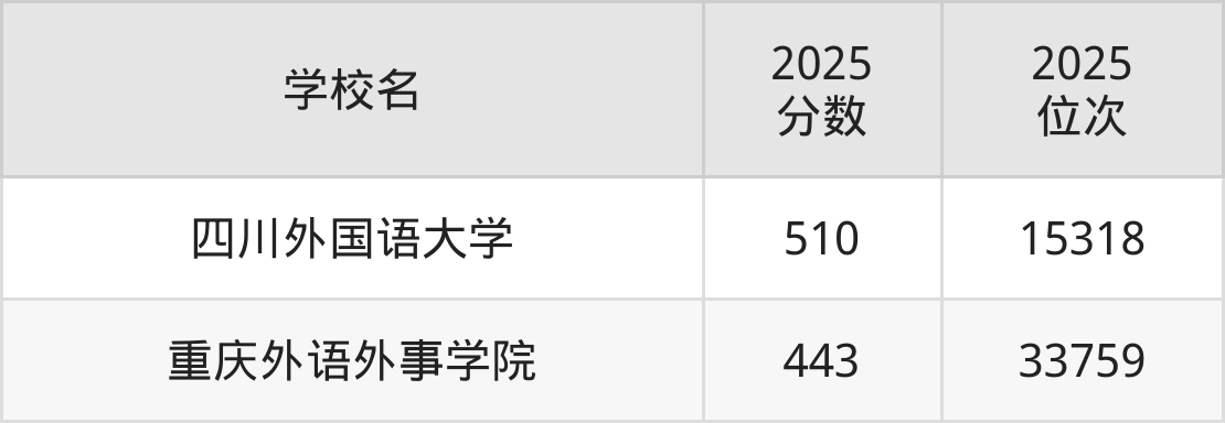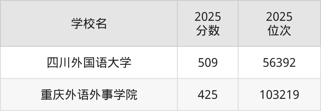 重庆市所有语言类院校2025年录取分数线一览表(前2院校):
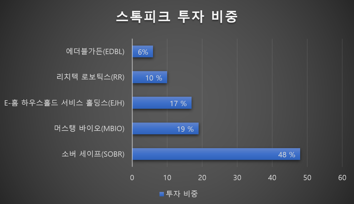 리치텍로보틱스(RR) 일부 익절소버세이프(SOBR) 추가 매수 투자 금액대비로 투자 비중 계산 1.04 리치텍로보틱스(RR) 일부 익절로 인해 투자금액이 약 5400만원으로 증가투자 금액 대비 투자비중리치
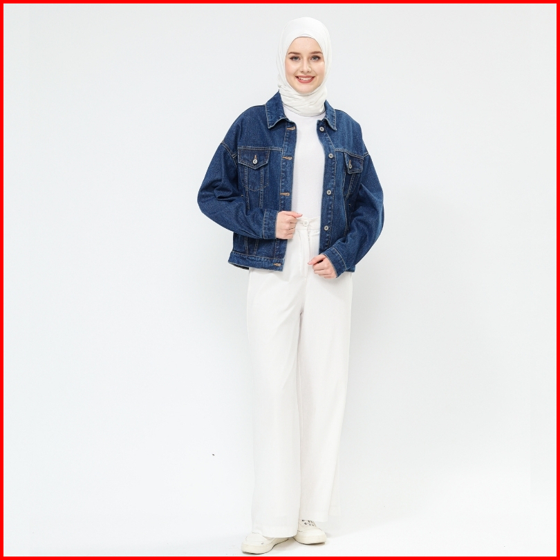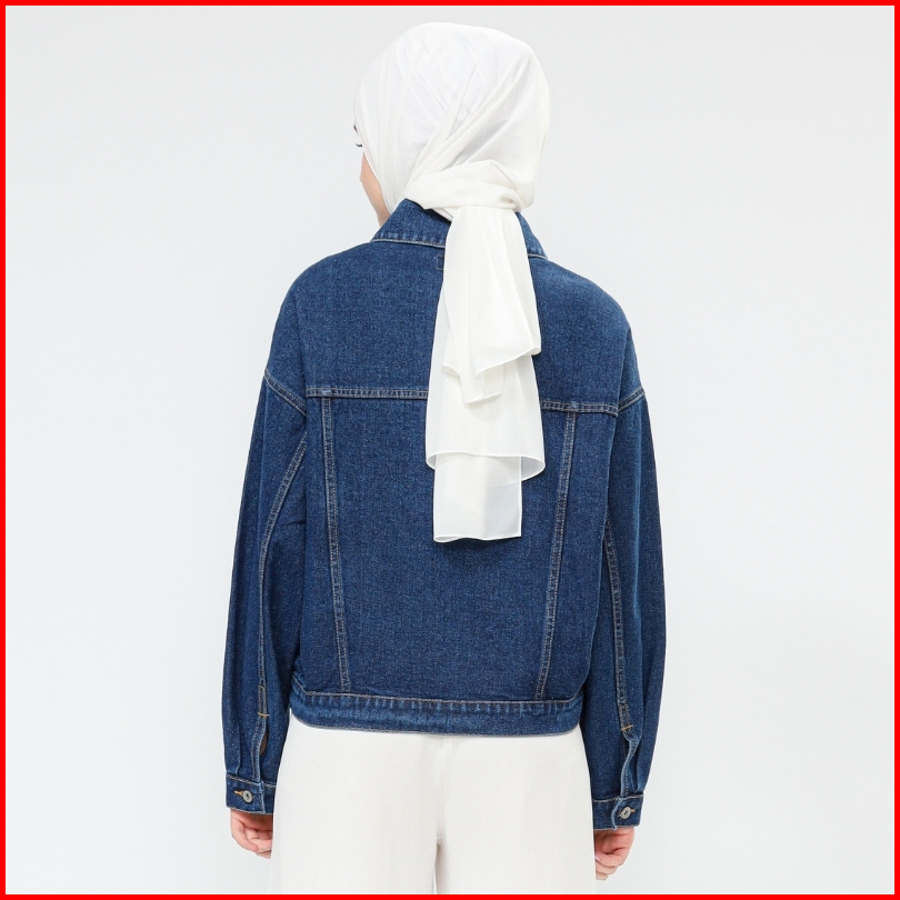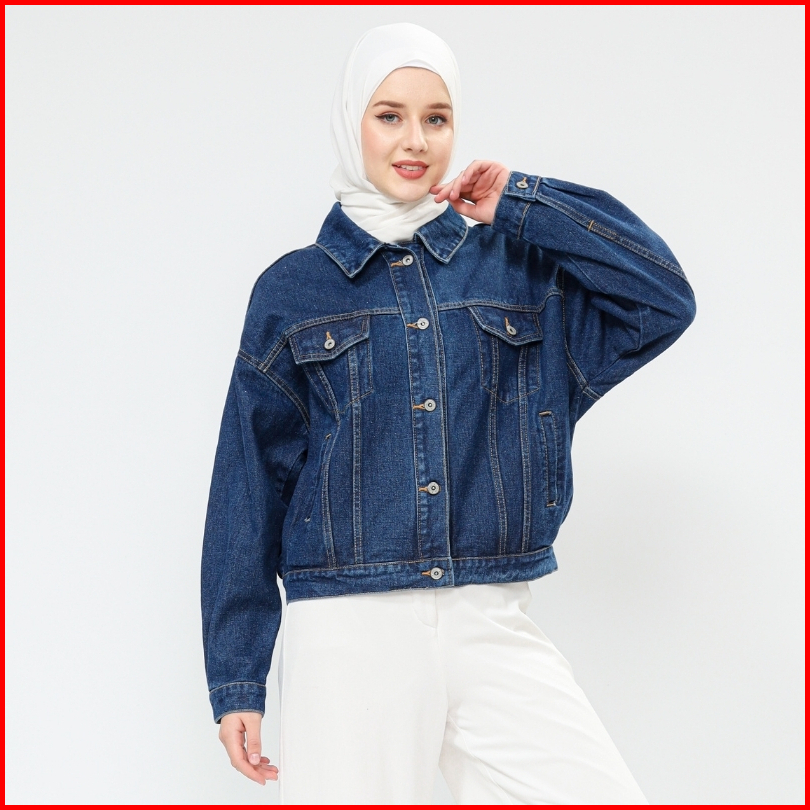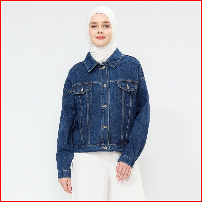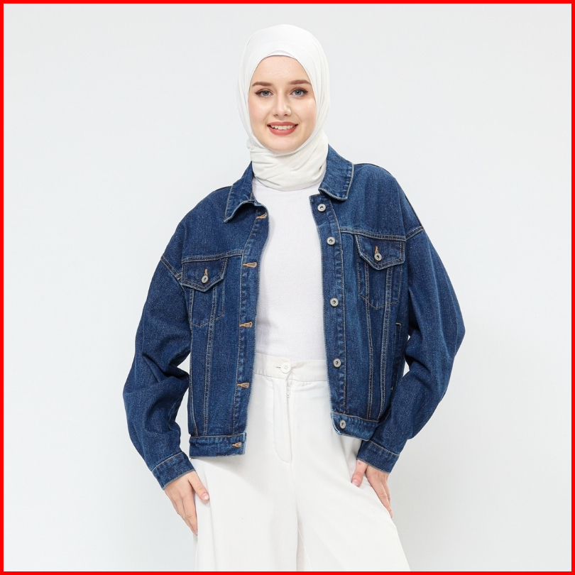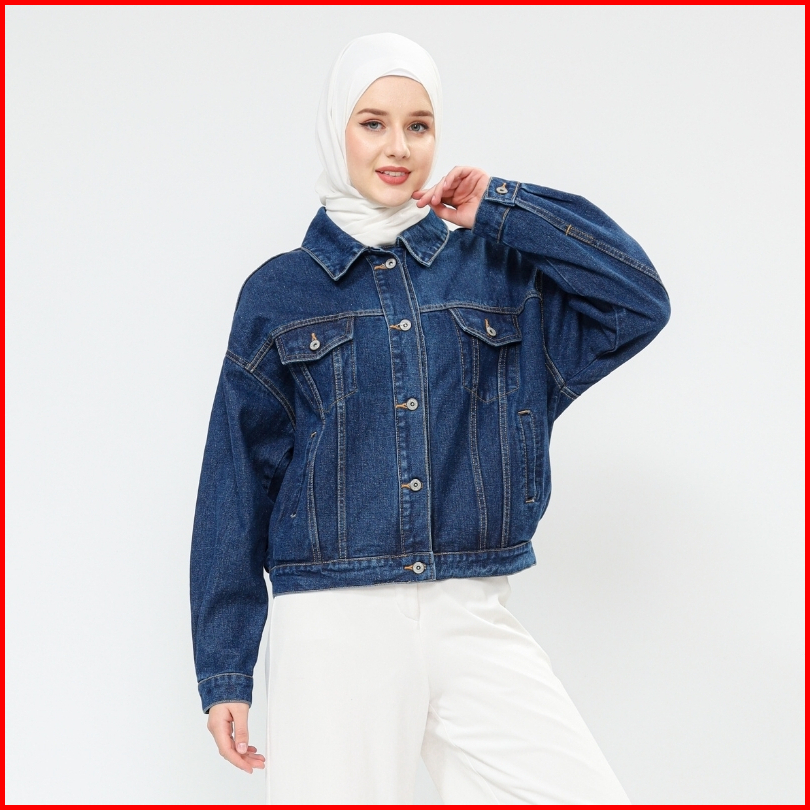 Myself - Jaket Jeans Hijab Wanita Oversize Biru Tua Alice
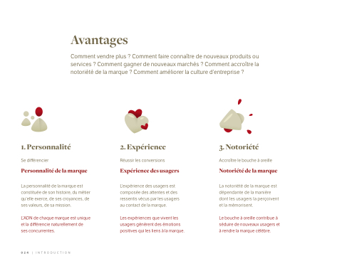 La personnalité de la marque est constituée de son histoire, du métier qu’elle exerce, de ses croyances, de ses valeurs, de sa mission.
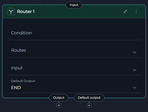 - Drag a connection from the previous node to the Router node's input handle
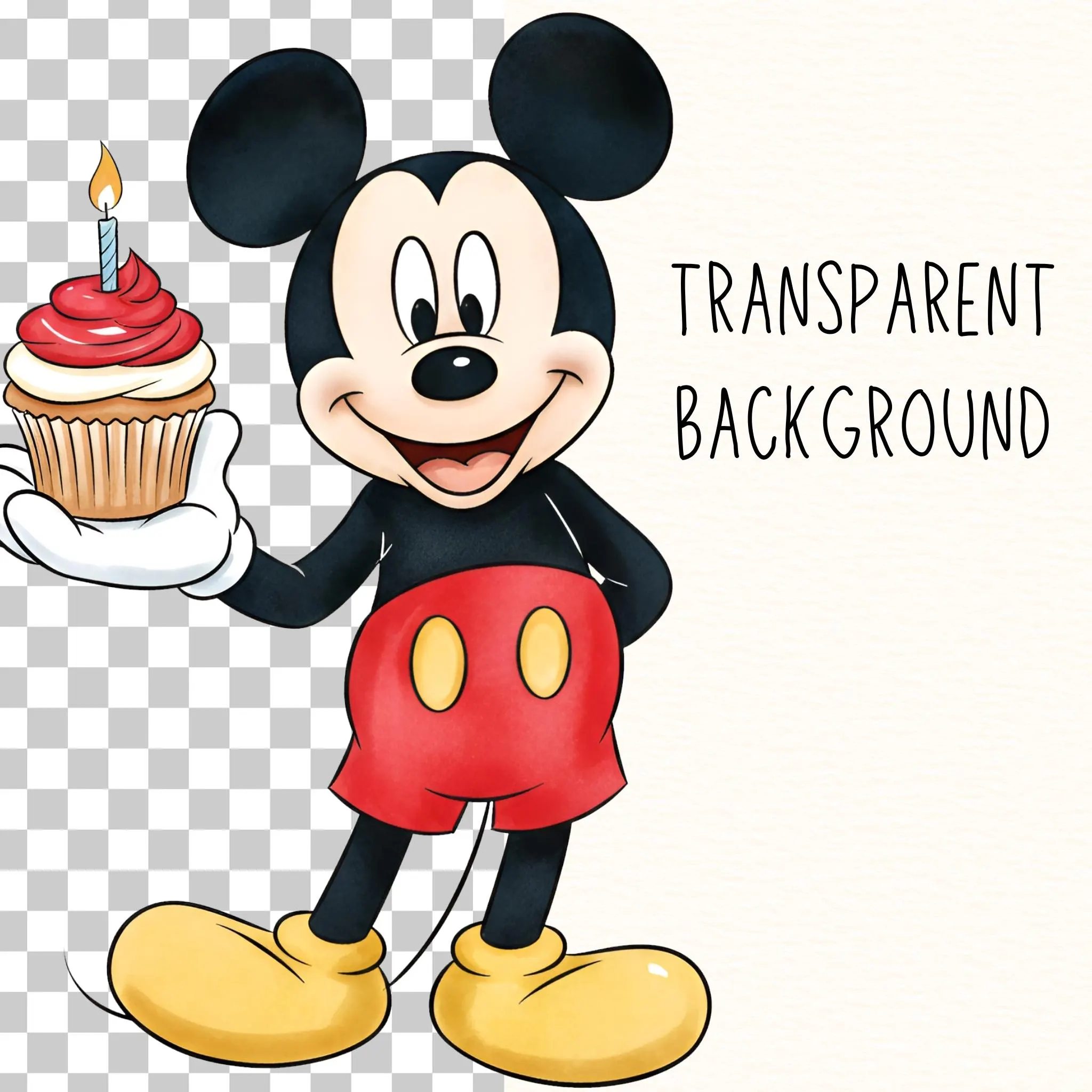 Mickey Mouse Birthday Clipart, Watercolor Mickey PNG, Beautiful Mickey PNG, Mickey Mouse Party Decor, Mickey Cake Topper, Mickey Birthday Theme Party

* [TASK OBJECTIVE]: Word for word, copy the lines from the one with "Myself - Jaket" through the end of the entries above, and do not include any picture.

* [REPLY TO THE TASK]:
 Myself - Jaket Jeans Hijab Wanita Oversize Biru Tua Alice
 La personnalité de la marque est constituée de son histoire, du métier qu’elle exerce, de ses croyances, de ses valeurs, de sa mission.
 - Drag a connection from the previous node to the Router node's input handle
 Mickey Mouse Birthday Clipart, Watercolor Mickey PNG, Beautiful Mickey PNG, Mickey Mouse Party Decor, Mickey Cake Topper, Mickey Birthday Theme Party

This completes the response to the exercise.